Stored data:
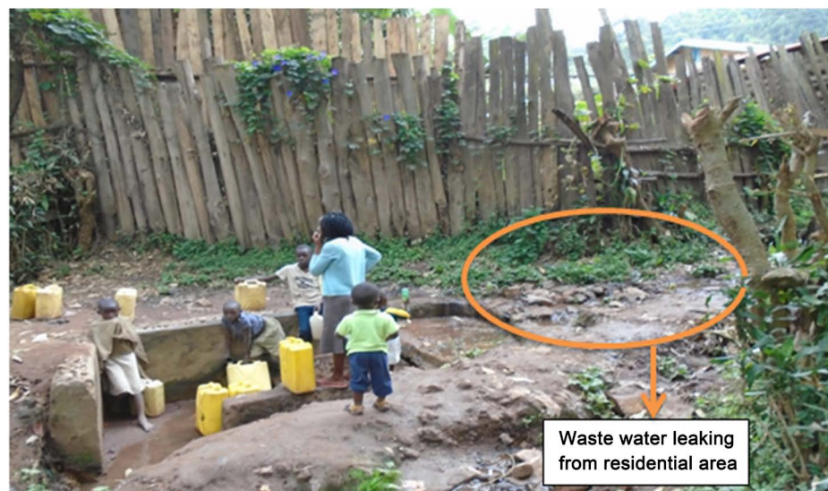
Plate 1. Water spring constructed in <5 m away from a residential area and wastewater was seen flowing from the residential area.
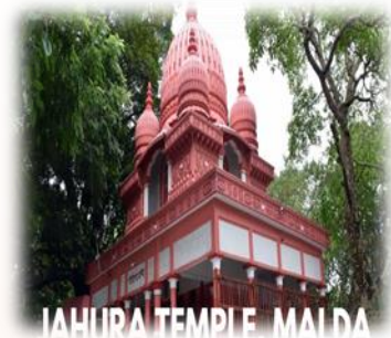
JAHURA TEMPLE MALDA
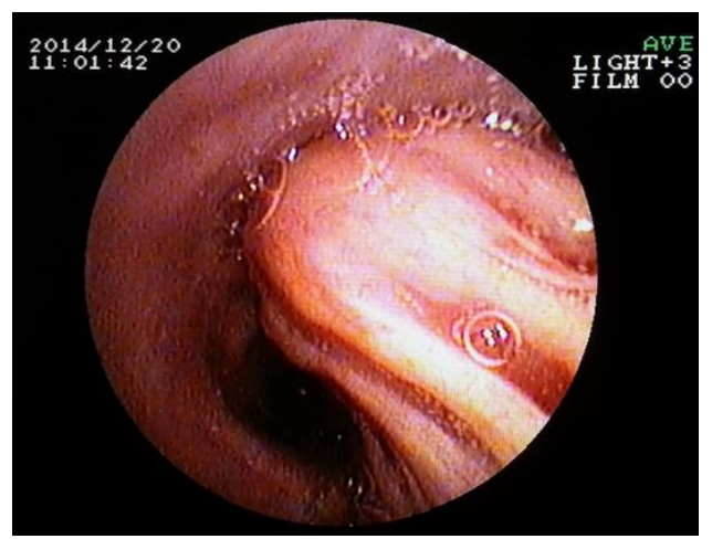
Fiber optic bronchoscopy showing partially obstruction of left main bronchus.

The chest radiography was abnormal in patients with features of fibrosis, fibrocavity with volume loss with ipsilateral mediastinal shift due to past history of tuberculosis, mass like lesion was present in 5 patients (Figure 1). HRCT chest in most of the patients showed endobronchial obstruction either partially or completely with volume loss and in homogenous consolidation (Figure 2).
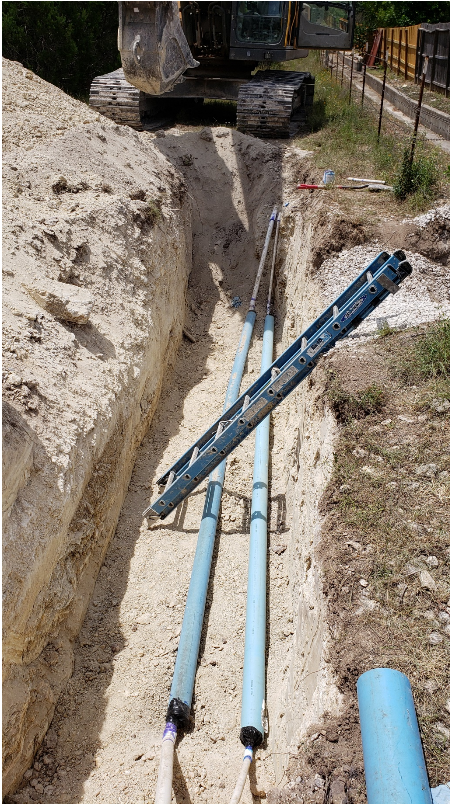
EXHIBIT 9 – KLABUNDE WATER SERVICE LINES RELOCATED
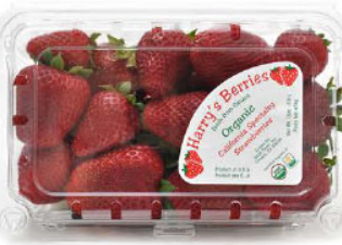
Organic Strawberries "Harry's Berries"
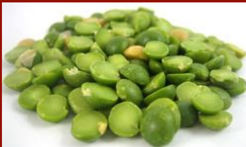
Peas by the metric ton $425 ($20/100 lbs)

By Credit Card: Gleaners Office: 519.624.8245 Online: www.OntarioGleaners.org/1290
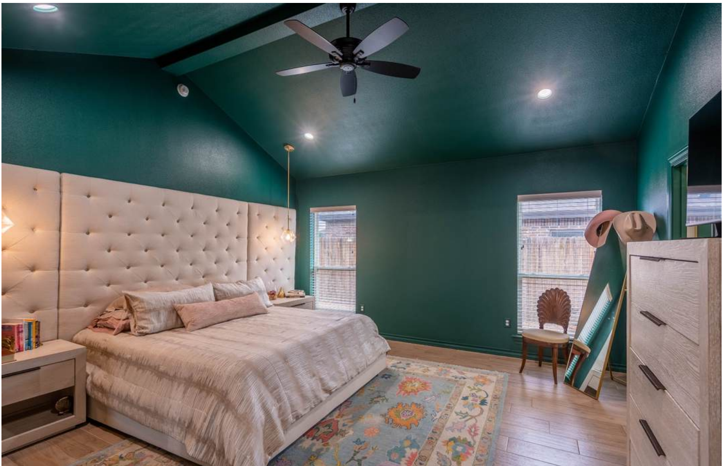
CAPITAL REALTY GROUP AT FATHOM REALTY
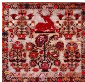
GR : RDEER The Red Deer Sampler 1861 - 1866
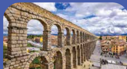
ROMAN AQUEDUCT OF SEGOVIA
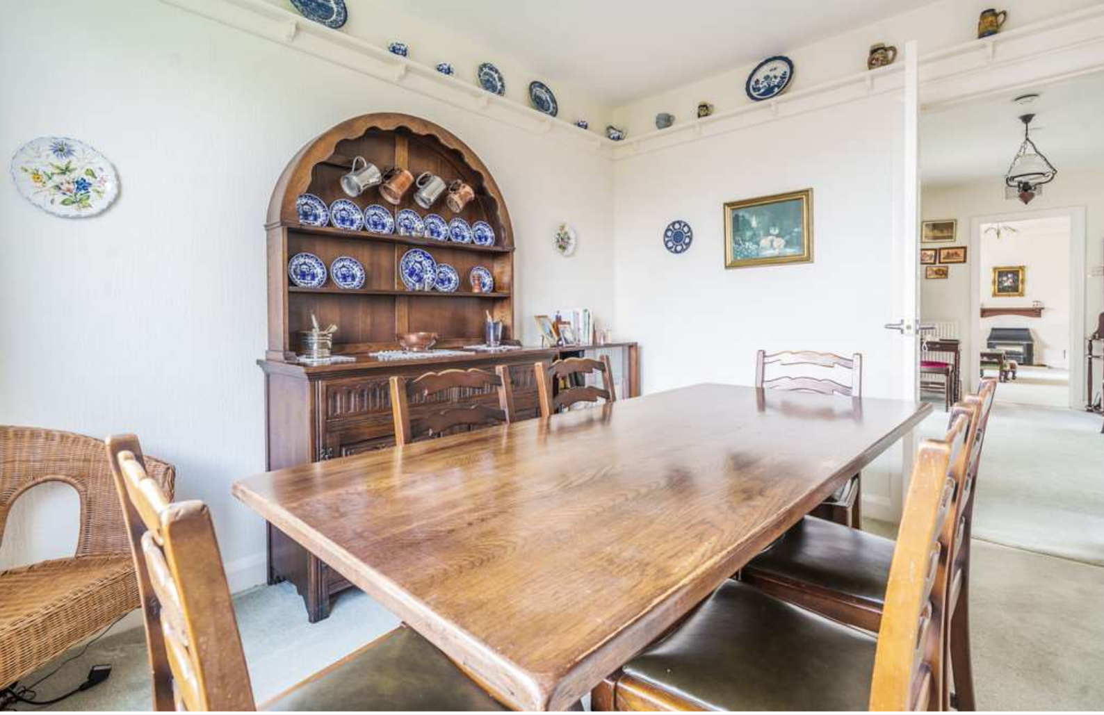
Bedroom Three/Dining Room
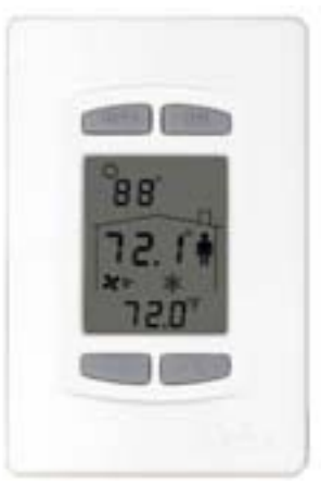
Figure 35: Delta DNT-103 Programmable Thermostat

• This thermostat network has the capabilities of the nightly "over-ride" mode and occupant control during the day.
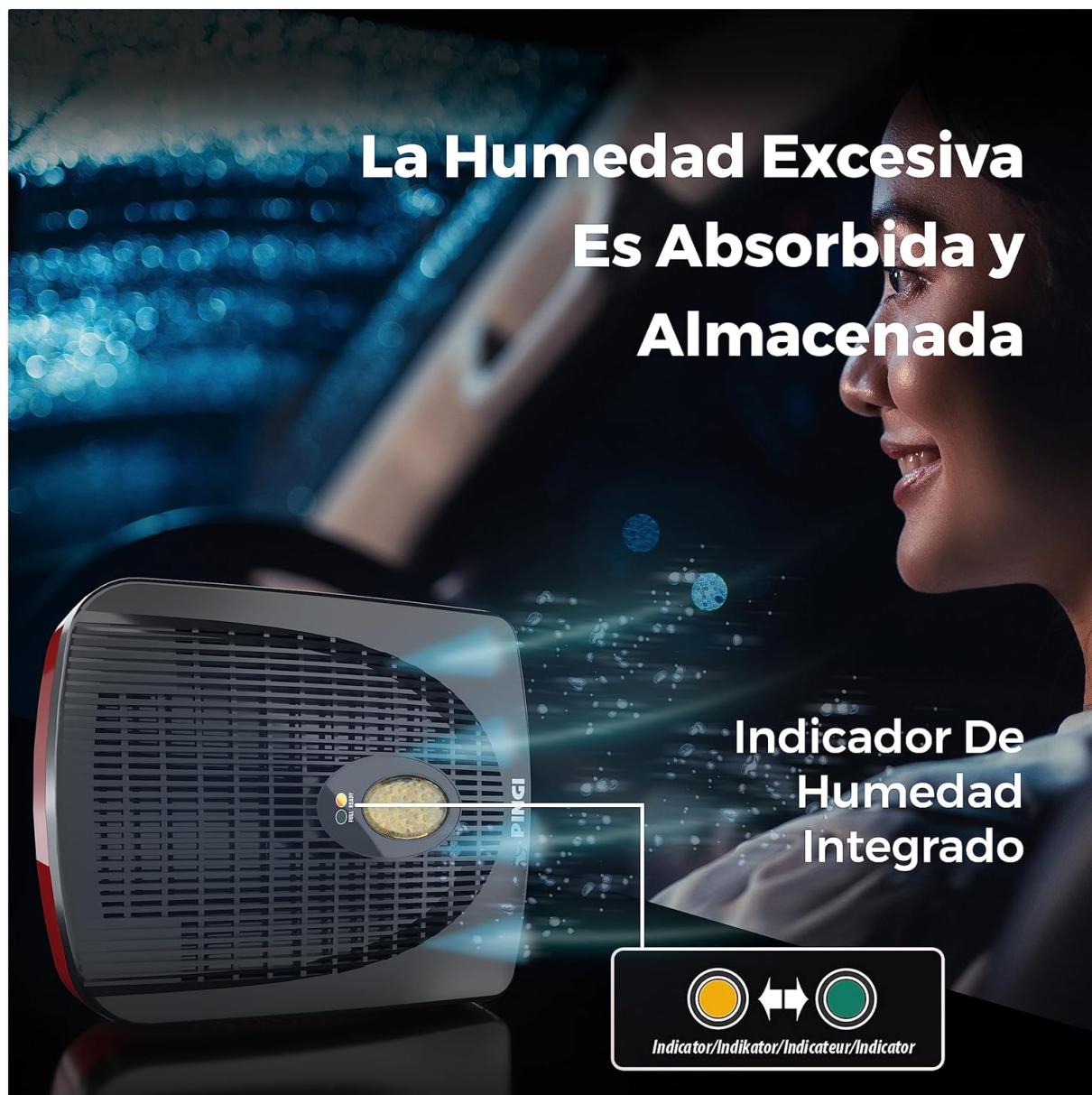
Image: A close-up view of the Pingi ID-A300's humidity indicator, showing the color transition from orange (dry) to green (saturated).
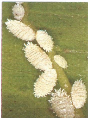
Nymphs and adults of Paracoccus marginatus
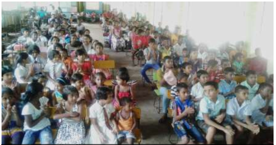
Scholarship Holders at Thunthalawa

This is a remote village which had been developed in stages with the funds provided by Adoptie Sri Lanka Belgium VZW. Some of the projects funded by Adoptie Sri Lanka Belgium VZW upto now from the start are the two drinking water supply schemes to the village, a
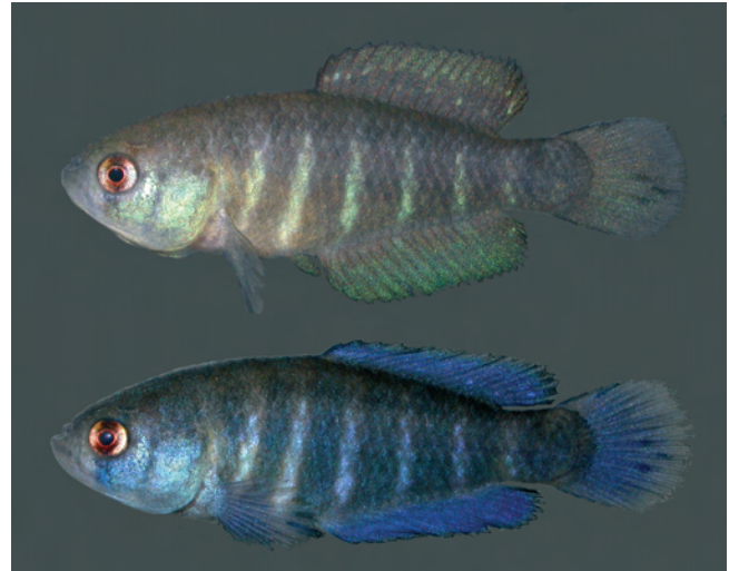
Fig. 2. Austrolebias paucisquama , paratype, MCP 41880, male 25.5 mm SL, Rio Grande do Sul, São Sepé, temporary pool close to BR290 highway (30°22'27" S, 53°33'42" W), rio Vacacaí drainage. Same specimen alive (above) and just after fixation in formalin (below).

Diagnosis. The dark gray pectoral fins combined with the bright blue iridescence in males distinguishes A. paucisquama

:: Task requirements ::
Pictures excluded, reproduce only the part above that opens with the line holding "CAPITAL REALTY GROUP AT FATHOM REALTY" and closes with the line holding "during the day.", exactly as written.

:: Expected answer ::
CAPITAL REALTY GROUP AT FATHOM REALTY
GR : RDEER The Red Deer Sampler 1861 - 1866
ROMAN AQUEDUCT OF SEGOVIA
Bedroom Three/Dining Room
Figure 35: Delta DNT-103 Programmable Thermostat

• This thermostat network has the capabilities of the nightly "over-ride" mode and occupant control during the day.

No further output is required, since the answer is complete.